TASK INSTRUCTIONS >>
Please copy every record below exactly, leaving out the pictures.

BEGIN

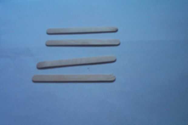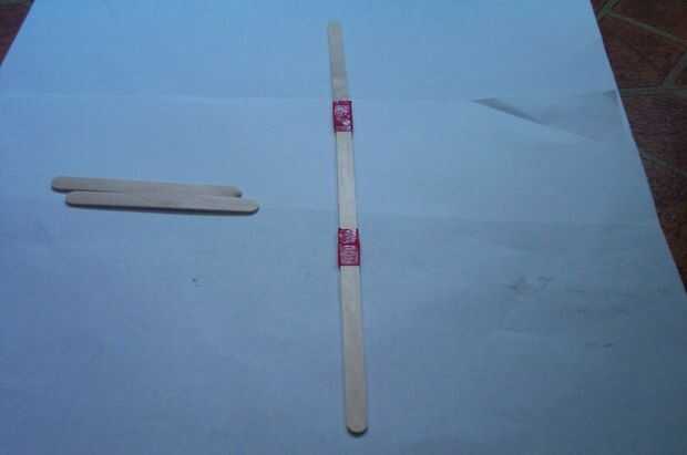 Llevar cinco palos popsickle y tres para hacer el cuerpo de la flecha. Tome las otras dos y con cinta adhesiva debajo de apoyo.
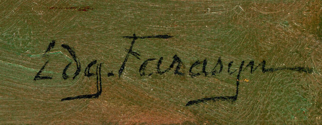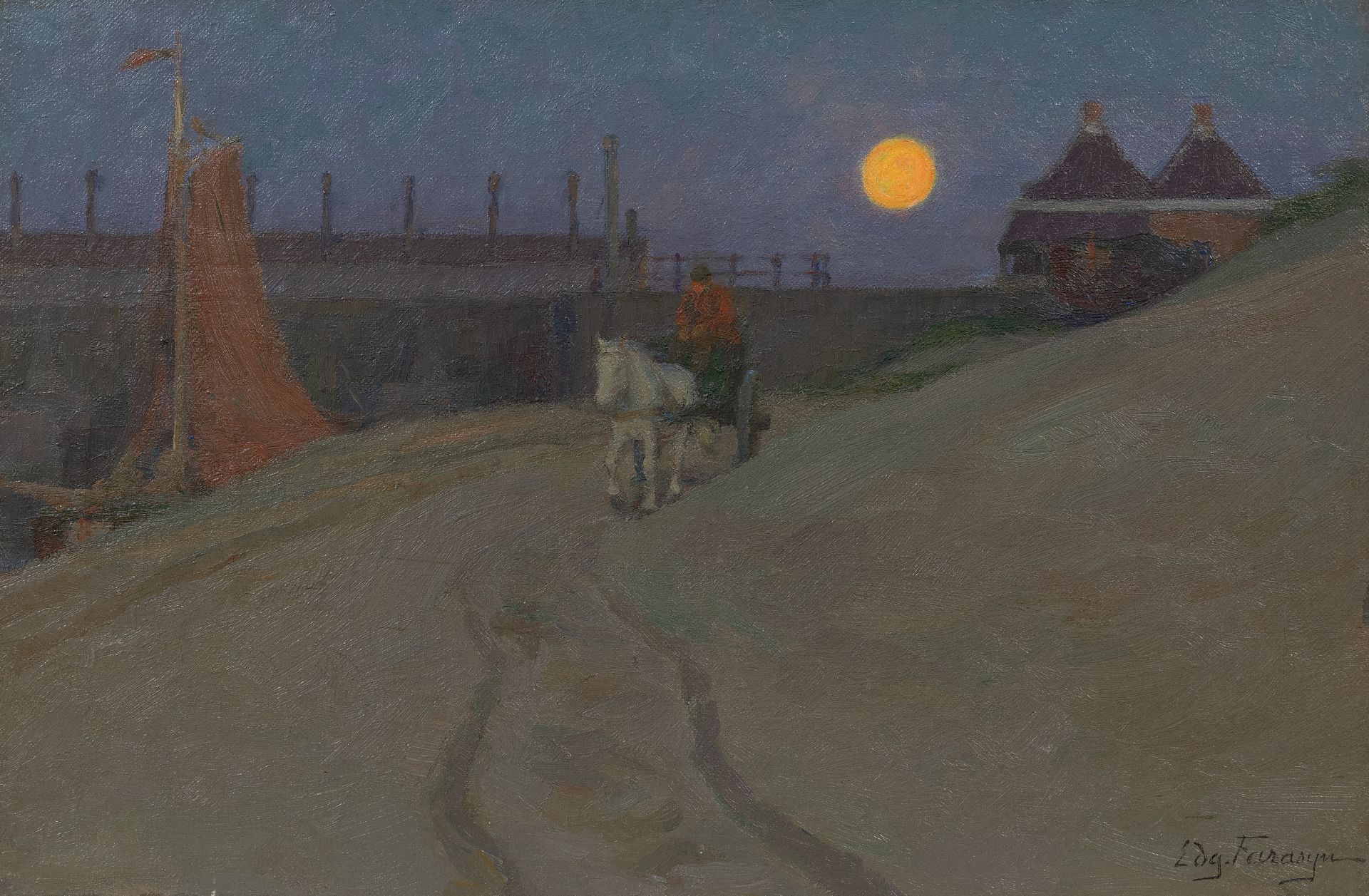 Edgard Farasijn was een Belgisch schilder van figuren, dieren en zeegezichten. Beroemd werd hij vooral met zijn kleurige marktscènes en strandtaferelen met vissers, waarvoor hij inspiratie opdeed aan de kust van Vlaanderen en Holland. Tussen 1898 en 1913 verbleef hij meermalen in Katwijk om er het leven van de vissers te schilderen. Soms vond Farasijn de uitdrukking van een dromerige, enigszins melancholische stemming belangrijker dan een nauwkeurige uitbeelding van zijn onderwerp.
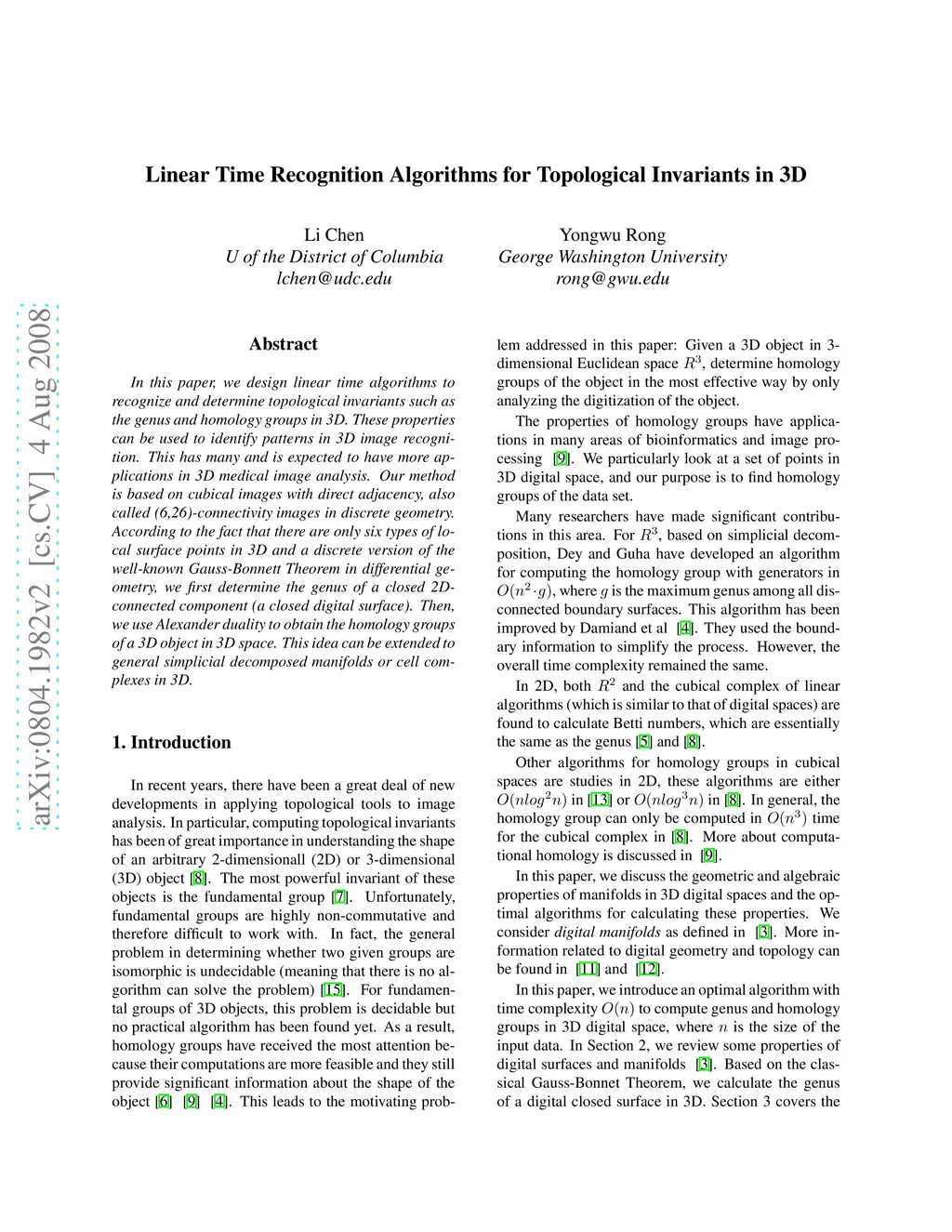In this paper, we design linear time algorithms to recognize and determine topological invariants such as the genus and homology groups in 3D. These properties can be used to identify patterns in 3D image recognition. This has tremendous amount of applications in 3D medical image analysis. Our method is based on cubical images with direct adjacency, also called (6,26)-connectivity images in discrete geometry. According to the fact that there are only six types of local surface points in 3D and a discrete version of the well-known Gauss-Bonnett Theorem in differential geometry, we first determine the genus of a closed 2D-connected component (a closed digital surface). Then, we use Alexander duality to obtain the homology groups of a 3D object in 3D space.
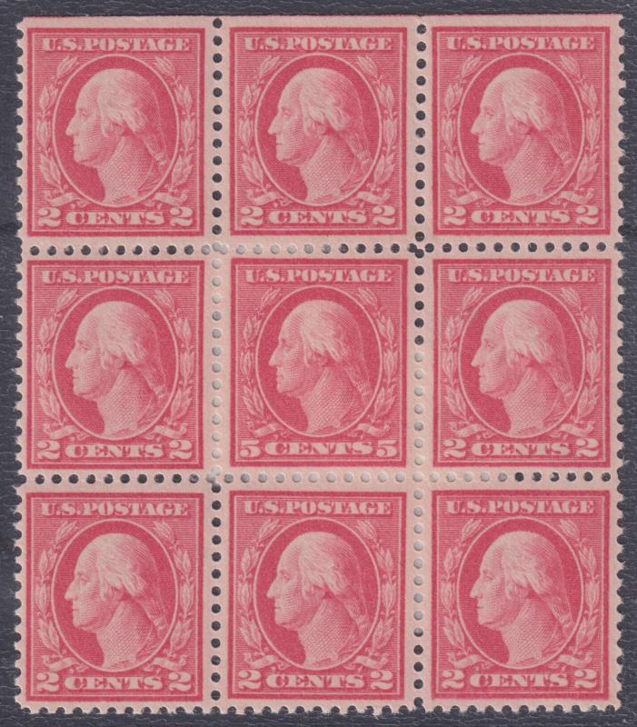 USA 1917 5c Washington rose, error in centre of block of 9 with 8 2c stamps, flat plate printing, no wmk. PF cert (2015).
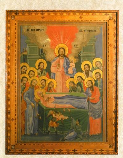 Keywords: Epanomi Church 1856 Icon.jpg <sup> Икона на Успение Бого одично от едноименната цъ ква в Епаноми http //ierosnaoskoimhseostheotokouepanomis blogspot com/2011/06/blog-post_4357 html 1856 author PD-old Churches in Thessaloniki Prefecture
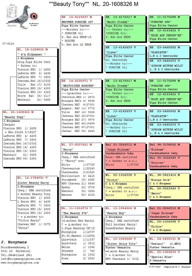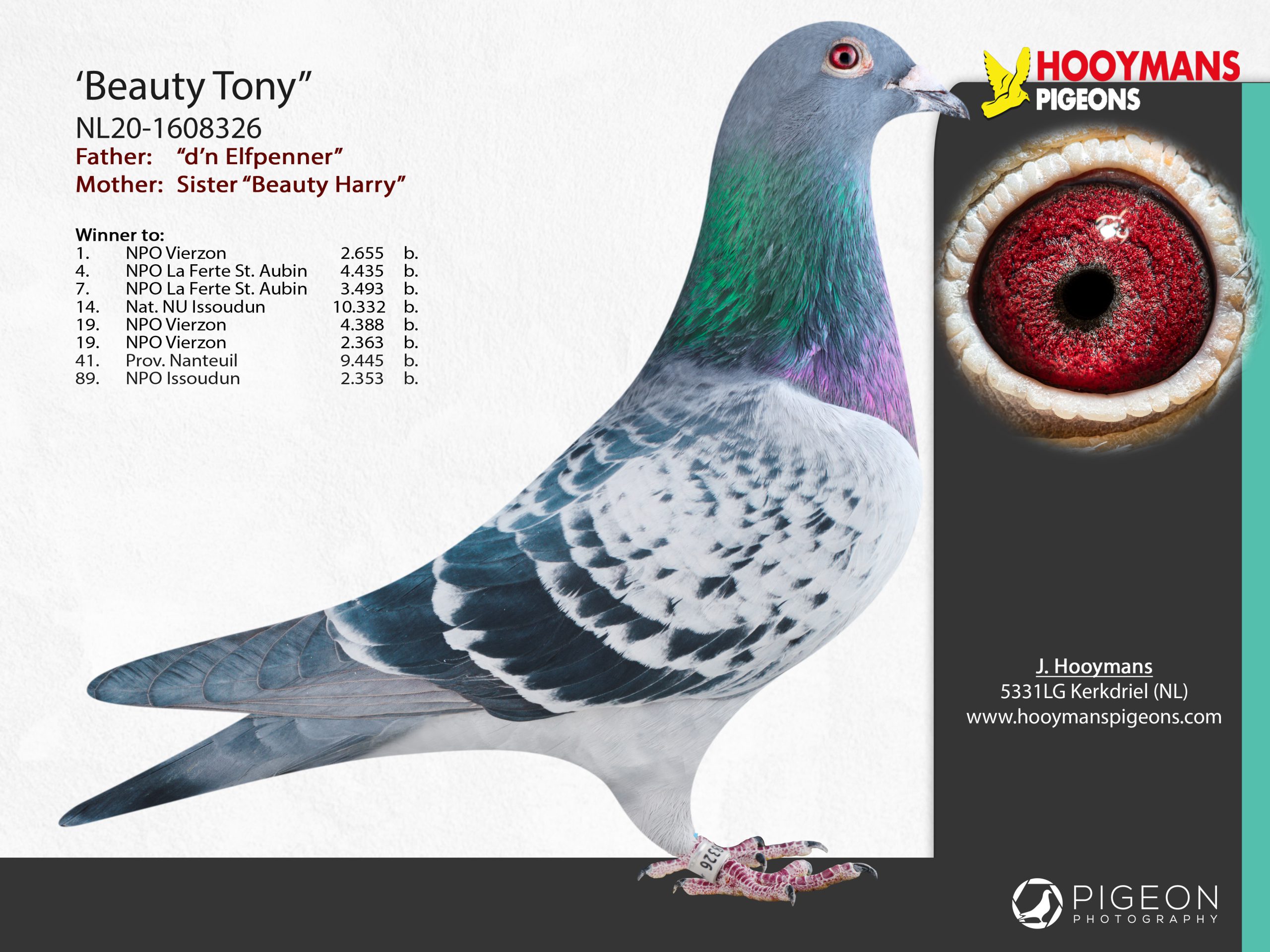 Zoals vermeld onze 1e duif was “Beauty Tony”, welke eerder een 1e, 4e en 7e NPO wint op de dagfond. Hij wint nu de 12e NPO, tevens 14e van de N.U. Zijn vader is “d’n Elfpenner” en komt van het Pipa Elite Center en zijn moeder is een volle zus van Beauty Harry, dus direct uit Harry.
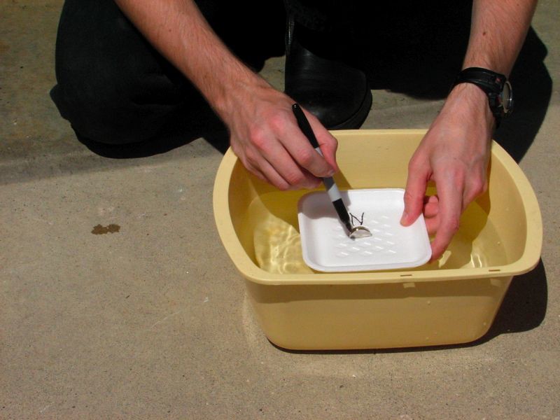 Our friends stopped by with a simple apparatus to demonstrate the diamagnetic properties of bismuth metal. Diamagnetism is a extremely weak magnetic effect — generally orders of magnitude weaker than everyday permanent magnets, which exhibit ferromagnetism. However it is also an extremely interesting effect because diamagnetic materials are repelled by magnetic fields. This is different than the case with ferromagnets, where one pole of a magnet repels another — rather, the entire material is (weakly) repelled by any magnetic pole.
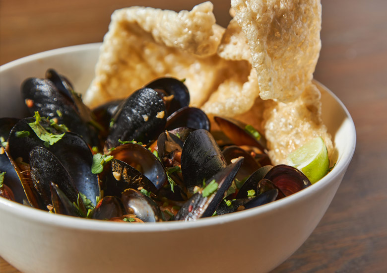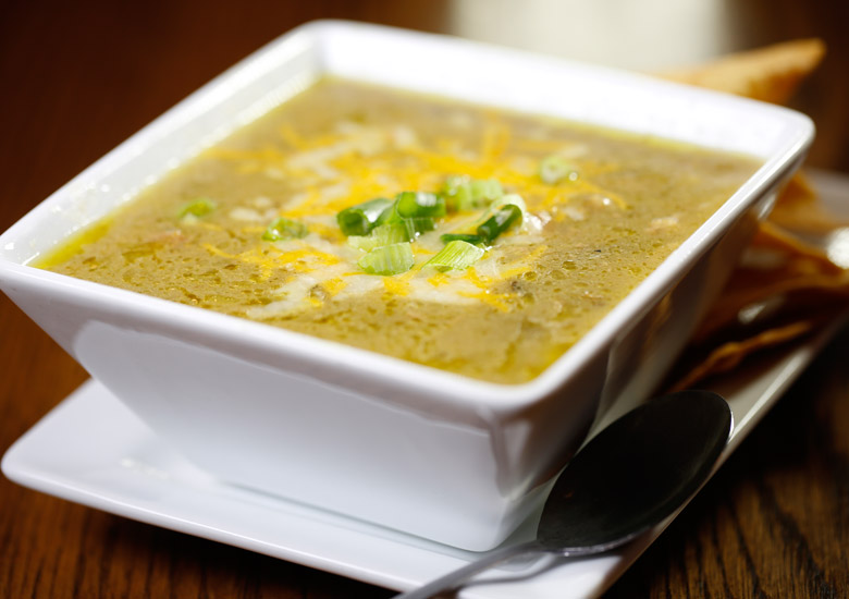 Thickened with masa, roasted hatch green chiles, tortilla chips

END

SOLUTION FOR THIS EXERCISE >>
 Llevar cinco palos popsickle y tres para hacer el cuerpo de la flecha. Tome las otras dos y con cinta adhesiva debajo de apoyo.
 Edgard Farasijn was een Belgisch schilder van figuren, dieren en zeegezichten. Beroemd werd hij vooral met zijn kleurige marktscènes en strandtaferelen met vissers, waarvoor hij inspiratie opdeed aan de kust van Vlaanderen en Holland. Tussen 1898 en 1913 verbleef hij meermalen in Katwijk om er het leven van de vissers te schilderen. Soms vond Farasijn de uitdrukking van een dromerige, enigszins melancholische stemming belangrijker dan een nauwkeurige uitbeelding van zijn onderwerp.
In this paper, we design linear time algorithms to recognize and determine topological invariants such as the genus and homology groups in 3D. These properties can be used to identify patterns in 3D image recognition. This has tremendous amount of applications in 3D medical image analysis. Our method is based on cubical images with direct adjacency, also called (6,26)-connectivity images in discrete geometry. According to the fact that there are only six types of local surface points in 3D and a discrete version of the well-known Gauss-Bonnett Theorem in differential geometry, we first determine the genus of a closed 2D-connected component (a closed digital surface). Then, we use Alexander duality to obtain the homology groups of a 3D object in 3D space.
 USA 1917 5c Washington rose, error in centre of block of 9 with 8 2c stamps, flat plate printing, no wmk. PF cert (2015).
 Keywords: Epanomi Church 1856 Icon.jpg <sup> Икона на Успение Бого одично от едноименната цъ ква в Епаноми http //ierosnaoskoimhseostheotokouepanomis blogspot com/2011/06/blog-post_4357 html 1856 author PD-old Churches in Thessaloniki Prefecture
 Zoals vermeld onze 1e duif was “Beauty Tony”, welke eerder een 1e, 4e en 7e NPO wint op de dagfond. Hij wint nu de 12e NPO, tevens 14e van de N.U. Zijn vader is “d’n Elfpenner” en komt van het Pipa Elite Center en zijn moeder is een volle zus van Beauty Harry, dus direct uit Harry.
 Our friends stopped by with a simple apparatus to demonstrate the diamagnetic properties of bismuth metal. Diamagnetism is a extremely weak magnetic effect — generally orders of magnitude weaker than everyday permanent magnets, which exhibit ferromagnetism. However it is also an extremely interesting effect because diamagnetic materials are repelled by magnetic fields. This is different than the case with ferromagnets, where one pole of a magnet repels another — rather, the entire material is (weakly) repelled by any magnetic pole.
 Thickened with masa, roasted hatch green chiles, tortilla chips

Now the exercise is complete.